Deaths of tigers: an association calls for a reform of the regulation of zoos

Melati the tigerCopyright of the image
Pennsylvania

Legend

The Melati tiger was killed last week by her potential mate, Asim, during their first introduction.

British zoos should be subject to a "central licensing" system, a charity dedicated to animals said after the deaths of two tigers last week.

A tiger from the London Zoo was killed by a potential mate and another died after tigers fought in a safari park.

The Born Free Foundation has stated that the zoo licensing rules currently supervised by local authorities have "differences of understanding and application".

The zoo's trade organization said that tiger deaths were not related to licenses.

The Born Free Foundation, which campaigns for the maintenance of wildlife in the wild, says that "significant incidents occur at a disturbing frequency" in zoos.

He said he has recorded 33 incidents since 2016, including the death of eight Humboldt penguins as a result of an "urban fox" attack and a snow leopard escaped, shot after a zookeeper left an open door.

Chris Draper, responsible for animal welfare and captivity, said that "the licensing and inspection of zoos in Britain are currently the responsibility of a large number of local authorities ".

This leaves the law "open to interpretation", he said.

& # 39; Important conservation work & # 39;

The professional body that represents more than 100 zoos and aquariums says it is "saddened to learn of the deaths of two tiger women at two gatherings of its members in recent days".

But the British and Irish Association of Zoos and Aquariums (BIAZA) rejects the call of Born Free in favor of a license amendment, stating that the events should not overshadow the important conservation work undertaken by its members.

"BIAZA Welcomes Robust Zoo Licenses and Approves Recent Actions by Defra [Department for Environment, Food and Rural Affairs] strengthen the zoo licensing process in the UK, "added a spokeswoman.

An endangered Sumatran tiger was killed by a potential mate during his first introduction to London Zoo on February 8th.

The zoo said staff used horns and fire extinguishers to prevent the male tiger, Asim, from killing Melati.

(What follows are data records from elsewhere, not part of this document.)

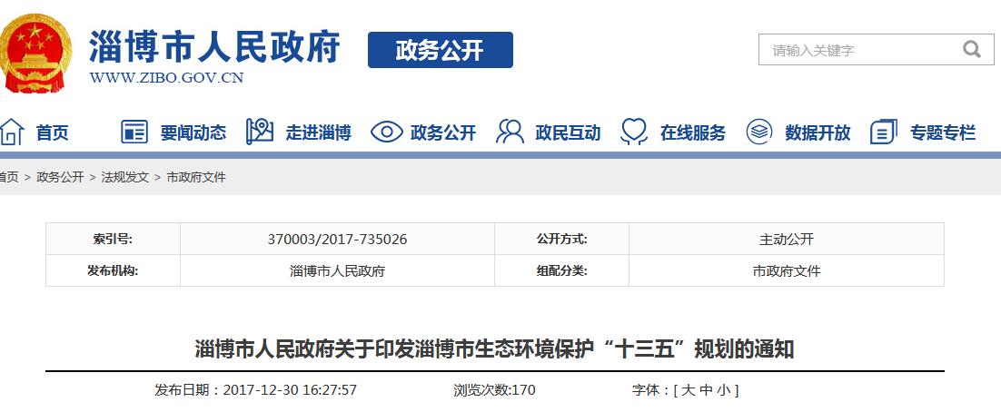 淄博市生態(tài)環(huán)境保護“十三五”規(guī)劃
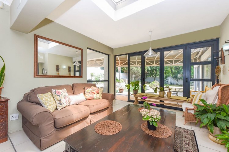 A spacious second lounge with a skylight, and direct access to the pool and lush garden creates the perfect setting for relaxation or entertaining. A guest cloakroom adds to the home's convenience.
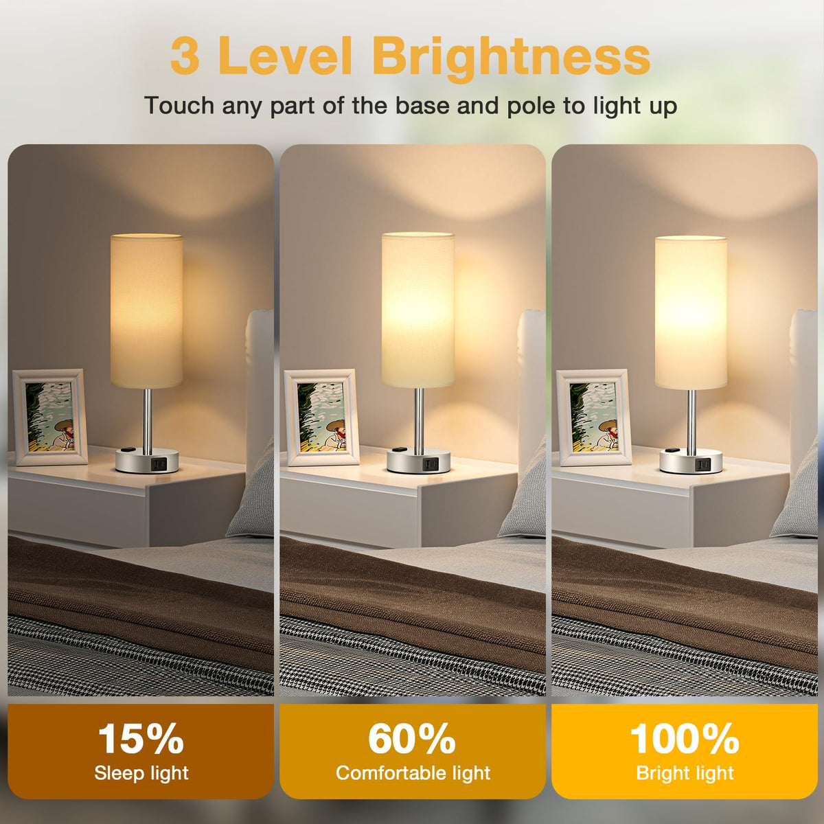 Q: What are the benefits of touch control for bedside lamps?A: The touch control feature allows you to easily adjust the brightness of the White Touch Nightstand Lamps with just a light touch on the base or pole. This is particularly convenient for quick adjustments in low light conditions, enabling you to switch between low, medium, and high brightness levels to suit your needs for reading, relaxing, or working.
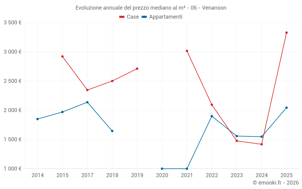Evoluzione del prezzo mediano al m² degli appartamenti
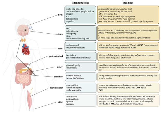 PMDs are the most frequent genetic metabolic disorders in humans, with a prevalence of approximately 1 in 4300 cases [1]. Pathogenic variants in all 37 mitochondrial DNA (mtDNA) genes and in more than 400 nuclear DNA genes have been associated with direct or indirect defects of the OXPHOS, which is the hallmark of these diseases [2]. These unique features of mitochondrial genetics and their ubiquitousness in human tissues explain PMDs’ vast clinical heterogeneity. PMDs are multisystemic diseases, mainly affecting high-energy demanding tissues, such as the muscles and central and peripheral nervous systems. Age of onset is variable, with the most severe defects generally appearing in childhood [3]. Cellular mtDNA polyplasmy, tissue heteroplasmy (proportion between normal and mutant mtDNA variants), mitotic segregation (mtDNA’s stochastic distribution during cell division), and the phenotypic threshold effect (tissue specific sensitivity to oxidative metabolism defects), are not sufficient to explain PMDs’ clinical heterogeneity [2,4,5]. For example, they cannot elucidate tissue specific alteration in individuals harboring homoplasmic mtDNA mutation, the absence of clear correlation between heteroplasmy level and disease severity, or the heterogeneous manifestations in nuclear DNA-related PMDs [4]. For mtDNA-related PMDs, environmental factors, other nuclear or mitochondrial mutations, mtDNA haplotype or tissue-specific nuclear gene expression patterns, and a complex molecular and metabolic cellular compensation response to OXPHOS defect may act as modifiers [2,4,5]. For nuclear DNA-related PMDs, the lack of complexity comprehension is even greater. It is important to underline that some of the abnormalities of nuclear genes involved affect mtDNA replication and the expression system (mtDNA maintenance), causing dysfunctions of the intergenomic signaling (manifesting with multiple mtDNA deletions or mtDNA depletion), and have combined features of mendelian and mitochondrial genetics [2]. Because of the vast clinical and genetic variability, diagnosing PMDs can be challenging. Given this, with this narrative review we aimed to dissect the most common “red flags” that could help clinicians in recognizing, diagnosing, and managing PMDs. For each red flag, we have outlined the pathogenetic mechanism, its presence in certain syndromic pictures, and the association with other phenotypic manifestations. For this purpose, to help the readers orient themselves in this maze, we summarized in Table 1 the main phenotypic characteristics of well-defined PMDs and their main genetic etiology.

However, despite the efforts of veterinarians, 10-year-old Melati died.

Copyright of the image
Longleat

Legend

The 13-year-old Shouri Tiger had been living in the park since 2006.

On Monday, a rare tiger of love died during a fight with two other tigers at Longleat Safari and Adventure Park in Wiltshire.

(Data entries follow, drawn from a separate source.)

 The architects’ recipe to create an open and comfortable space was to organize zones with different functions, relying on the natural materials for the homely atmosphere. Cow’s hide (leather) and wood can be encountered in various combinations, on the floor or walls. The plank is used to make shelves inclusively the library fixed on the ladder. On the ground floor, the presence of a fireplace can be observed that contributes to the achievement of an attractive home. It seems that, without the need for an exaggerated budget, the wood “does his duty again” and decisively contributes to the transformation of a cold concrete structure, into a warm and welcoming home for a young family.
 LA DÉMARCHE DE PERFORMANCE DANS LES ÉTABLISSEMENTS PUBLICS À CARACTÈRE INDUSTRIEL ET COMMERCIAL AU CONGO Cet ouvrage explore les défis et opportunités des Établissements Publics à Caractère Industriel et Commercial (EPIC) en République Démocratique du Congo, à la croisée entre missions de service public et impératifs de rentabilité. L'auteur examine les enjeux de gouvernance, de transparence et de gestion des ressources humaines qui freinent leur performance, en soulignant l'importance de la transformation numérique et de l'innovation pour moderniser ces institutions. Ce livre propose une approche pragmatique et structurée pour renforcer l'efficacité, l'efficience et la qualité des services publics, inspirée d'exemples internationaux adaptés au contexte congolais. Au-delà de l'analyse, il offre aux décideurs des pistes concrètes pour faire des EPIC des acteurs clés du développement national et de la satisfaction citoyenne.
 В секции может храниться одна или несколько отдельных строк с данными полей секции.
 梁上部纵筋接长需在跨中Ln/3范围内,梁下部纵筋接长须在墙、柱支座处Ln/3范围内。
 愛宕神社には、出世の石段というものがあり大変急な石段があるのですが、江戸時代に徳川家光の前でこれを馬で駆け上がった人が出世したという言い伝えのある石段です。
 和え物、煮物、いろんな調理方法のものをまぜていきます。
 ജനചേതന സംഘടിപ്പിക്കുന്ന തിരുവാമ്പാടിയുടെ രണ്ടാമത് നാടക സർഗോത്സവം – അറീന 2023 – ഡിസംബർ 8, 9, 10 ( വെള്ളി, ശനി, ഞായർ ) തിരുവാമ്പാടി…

According to the park, Shouri, a 13-year-old woman, was killed after gaining access to an enclosure where two other tigers, Red and Yana, were being held. A fight took place between the three animals.

The park said that a full investigation was under way to determine the exact circumstances surrounding "this terribly sad event".

It is thought that there are only 300 Sumatran tigers and 540 wild tigers left in the wild.

Defra has been contacted for comments but has not yet responded.